Data records:
---

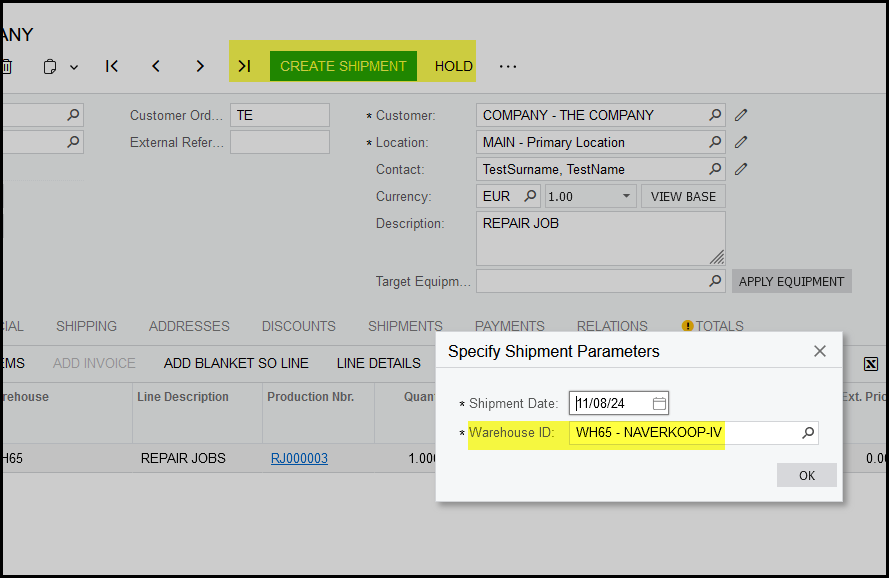 2. Create shipment.
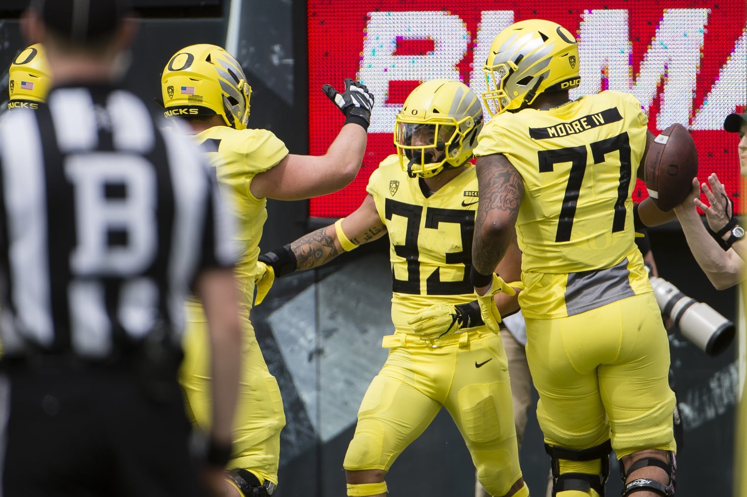 If Oregon’s defense ever gets thin at linebacker, perhaps the coaching staff can call upon Habibi-Likio to become a two-way player. He also seems to make for a better security guard than anyone working on the sidelines this weekend.
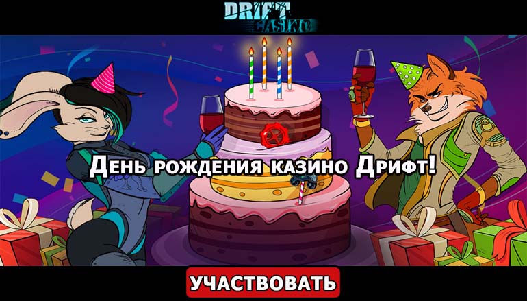 Казино Дрифт (Drift Casino) стало на год старше, а это значит, что скоро состоится празднование именин! День рождения – это всегда веселье и подарки, однако в данном случае подарки получит не именинник, а все гости торжества. Участвуйте в праздничном турнире по случаю именин любимого игорного заведения, и получайте приятные сюрпризы и щедрые призы!
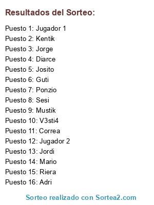 Lista de participantes: V3sti4, Guti, Ponzio, Sesi, Mario, Adri, Kentik, Jordi, Jorge, Riera, Mustik, Jugador 1, Josito, Correa, Diarce, Jugador 2.
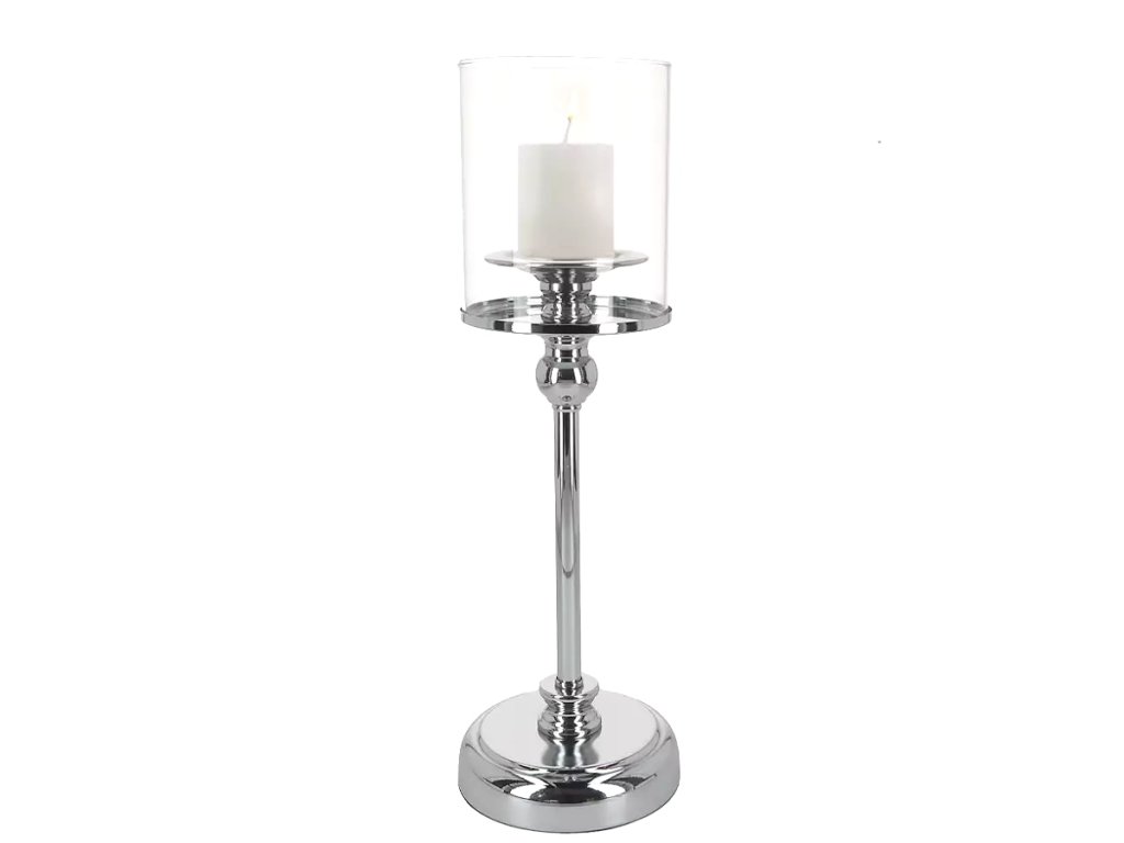Svícen plechový se skleněným cylindrem 36 cm - stříbrný
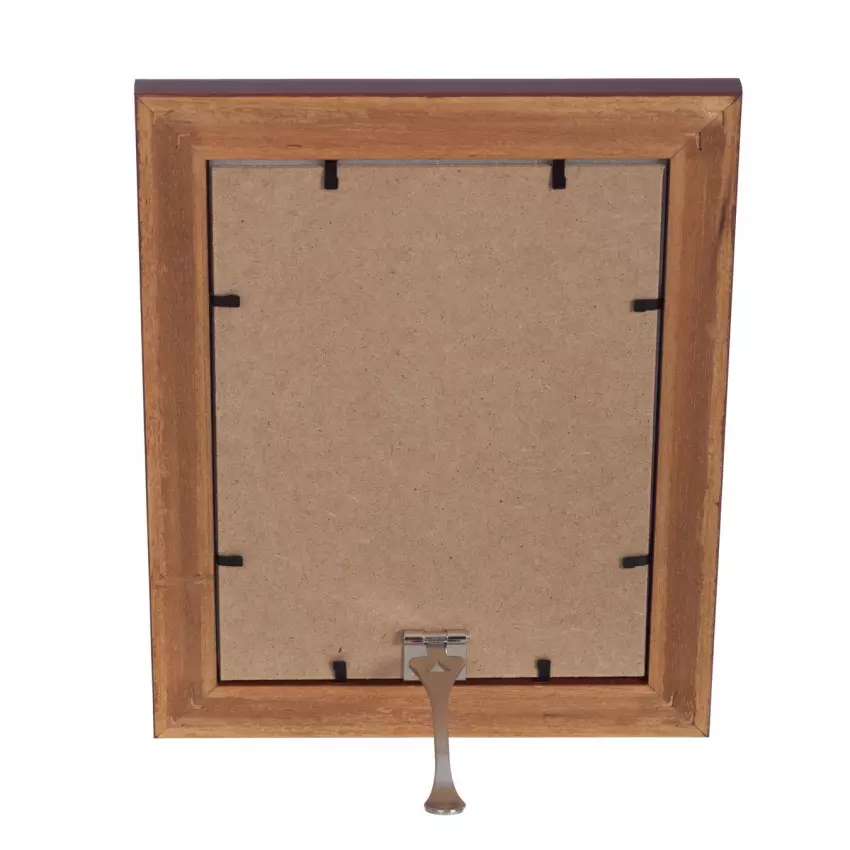 El portafotos incorpora un soporte metálico articulado que se fija en la trasera, mediante un anclaje, que permite ajustar la inclinación del marco.
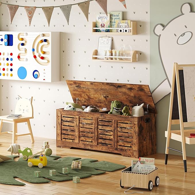 - 【Sturdy & Durable】The kids toy chest is made of safe engineered wood and superior craftsmanship. It is sturdy and durable to effectively prevent chemical reactions between the rubber staffs and the wood chest surface. Easy to wipe clean and upkeep. Your cost-effective choice
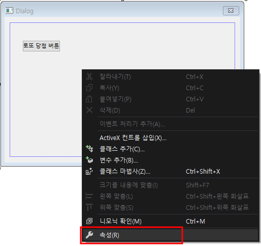 속성창을 찾을 수 없다면 창을 오른쪽 클릭 하면 띄울 수 있다.
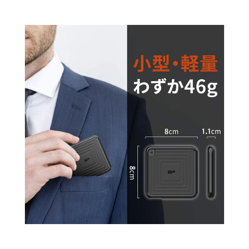 縦横が80mm、46gの小型ポータブルSSDです。ポケットに収まるスリム形状で、持ち運びに最適です。
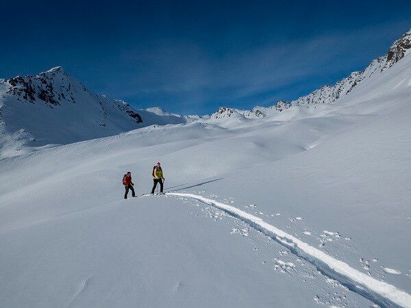 Die "Standard Skitourenausrüstung" besteht aus Tourenski mit Tourenbindung, Teleskopstöcke, Steigfelle, Harscheisen, digitalem Lawinen-Verschütteten-Suchgerät, Lawinenschaufel, Lawinensonde, Erste-Hilfe-Set und einem Mobiltelefon. Ein Rucksack mit entsprechendem Inhalt gehört mitzutragen, auch Wechselbekleidung, Sonnenschutz, Kälteschutz, Verpflegung und genügend zum Trinken! Bei Hüttenübernachtungen nicht vergessen Hygieneartikel und einen Hüttenschlafsack mitnehmen!
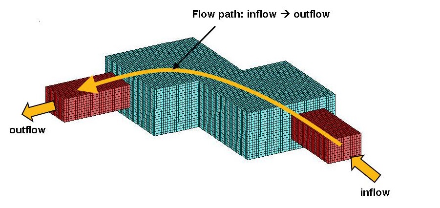 Here, one flow path is defined referencing an inflow and an outflow cellface group. Multiple <PATH> commands can be used to define multiple flowpaths in the same <FLOW_PATHS> command block. A single cellface group can also be referenced in different <PATH> commands. For example, consider a model with one inlet and two outlets where backflow along both paths is to be minimized. In this case, one would define two flow paths, both referencing the same inflow flow boundary:
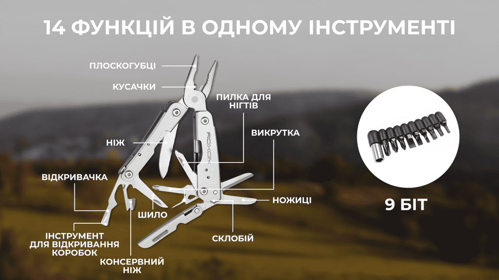 - мультифункціональний інструмент для туризму, активного відпочинку;
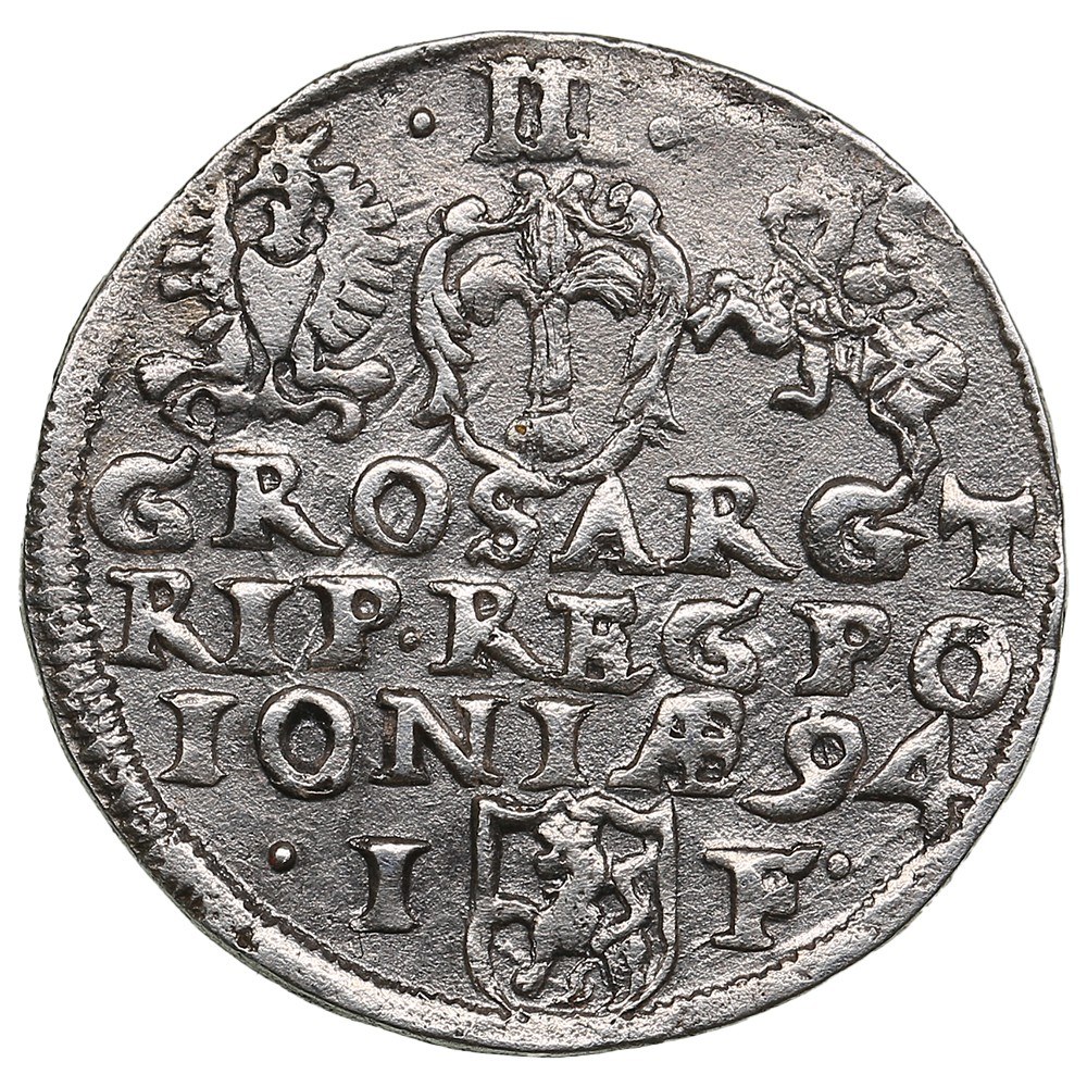 Rev.: Vasa arms between Polish and Lithuanian arms, above, ·III·; legend in three lines “GROS·ARG T-RIP·REG·POIONIÆ 94”, below, Lewart arms of crown treasurer Jan Firley with initials ·I-F·.

---

→ **EXERCISE DESCRIPTION**
What is needed here is each line above set down word for word, minus the images.

→ **SOLUTION TO THE PROBLEM**
 2. Create shipment.
 If Oregon’s defense ever gets thin at linebacker, perhaps the coaching staff can call upon Habibi-Likio to become a two-way player. He also seems to make for a better security guard than anyone working on the sidelines this weekend.
 Казино Дрифт (Drift Casino) стало на год старше, а это значит, что скоро состоится празднование именин! День рождения – это всегда веселье и подарки, однако в данном случае подарки получит не именинник, а все гости торжества. Участвуйте в праздничном турнире по случаю именин любимого игорного заведения, и получайте приятные сюрпризы и щедрые призы!
 Lista de participantes: V3sti4, Guti, Ponzio, Sesi, Mario, Adri, Kentik, Jordi, Jorge, Riera, Mustik, Jugador 1, Josito, Correa, Diarce, Jugador 2.
Svícen plechový se skleněným cylindrem 36 cm - stříbrný
 El portafotos incorpora un soporte metálico articulado que se fija en la trasera, mediante un anclaje, que permite ajustar la inclinación del marco.
 - 【Sturdy & Durable】The kids toy chest is made of safe engineered wood and superior craftsmanship. It is sturdy and durable to effectively prevent chemical reactions between the rubber staffs and the wood chest surface. Easy to wipe clean and upkeep. Your cost-effective choice
 속성창을 찾을 수 없다면 창을 오른쪽 클릭 하면 띄울 수 있다.
 縦横が80mm、46gの小型ポータブルSSDです。ポケットに収まるスリム形状で、持ち運びに最適です。
 Die "Standard Skitourenausrüstung" besteht aus Tourenski mit Tourenbindung, Teleskopstöcke, Steigfelle, Harscheisen, digitalem Lawinen-Verschütteten-Suchgerät, Lawinenschaufel, Lawinensonde, Erste-Hilfe-Set und einem Mobiltelefon. Ein Rucksack mit entsprechendem Inhalt gehört mitzutragen, auch Wechselbekleidung, Sonnenschutz, Kälteschutz, Verpflegung und genügend zum Trinken! Bei Hüttenübernachtungen nicht vergessen Hygieneartikel und einen Hüttenschlafsack mitnehmen!
 Here, one flow path is defined referencing an inflow and an outflow cellface group. Multiple <PATH> commands can be used to define multiple flowpaths in the same <FLOW_PATHS> command block. A single cellface group can also be referenced in different <PATH> commands. For example, consider a model with one inlet and two outlets where backflow along both paths is to be minimized. In this case, one would define two flow paths, both referencing the same inflow flow boundary:
 - мультифункціональний інструмент для туризму, активного відпочинку;
 Rev.: Vasa arms between Polish and Lithuanian arms, above, ·III·; legend in three lines “GROS·ARG T-RIP·REG·POIONIÆ 94”, below, Lewart arms of crown treasurer Jan Firley with initials ·I-F·.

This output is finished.